One example was the Great Wall, which is actually a series of walls built over 2,000 years, the first of which is largely eroded.

The Ming Dynasty was relatively powerful during its first 50 years, during which no construction of the Great Wall took place, Wang said. Emboldened, China engaged in at least eight military campaigns against the Mongols during that period.

“Around the year 1470, when Chinese power declined, they started to build the Great Wall,” he said.

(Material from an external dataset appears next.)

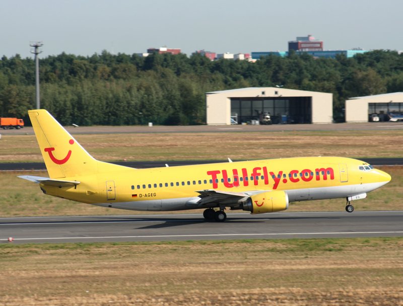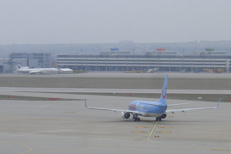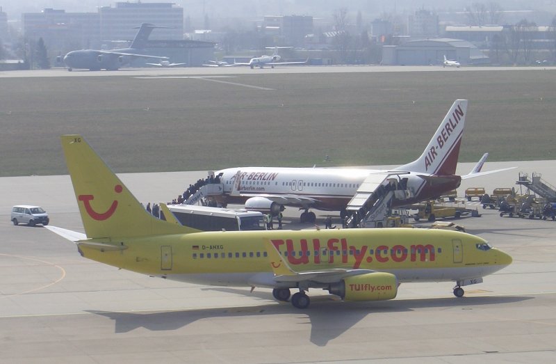 Eine TUIfly-Boeing 737-700 mit der Kennung D-AHXG rollt nach der Landung in Stuttgart zu ihrer entgültigen Parkposition

It was also during that early period that Ming troops annexed Vietnam as a province before being overthrown after a harsh 20-year occupation.

The legendary voyages of Zheng He during the early 15th century are routinely presented as an example of China’s exceptional lack of aggression as compared with empire-minded Western powers.

The voyages were indeed spectacular. Zheng He’s fleet included more than 200 ships, all larger than the Santa Maria sailed by Christopher Columbus. Fifty such ships, accompanied by many smaller boats, carried about 27,000 soldiers to Southeast Asia, the Indian subcontinent, the Middle East and East Africa.

However, as Wang and other researchers have noted, a fleet that size sailing into ports inspired an awe that left little need for use of actual force.

“If it’s only for peaceful exploration, why would you need to bring that many soldiers with you?” Wang said.

Indeed, Zheng He used force when awe or intimidation failed. Wang said a king on the island now called Sri Lanka was captured and returned to China because he refused to acknowledge Chinese supremacy. There is also evidence from a civil war in what is now Indonesia that the fleet’s army supported the side recognized by China.

The fleet also expanded the system of tributes paid to the Ming by leaders of other countries.

Victoria Tin-bor Hui, an associate professor of political science at the University of Notre Dame, said expansionist emperors were glorified in dynastic records, just as they are hyped as the “hallmark of greatness” in China’s movies and television dramas today — even if such images negate Xi’s message that China was historically powerful but peaceful.

Wang said such assertions of powerful-but-peaceful history sound good at a rhetorical level, but one only need look at the reaction of other countries in the region to judge reality.

“China’s Asian neighbors clearly don’t see it that way,” Wang said. “They are actually quite concerned about China’s rise in military power because what if China uses it against them in the future?”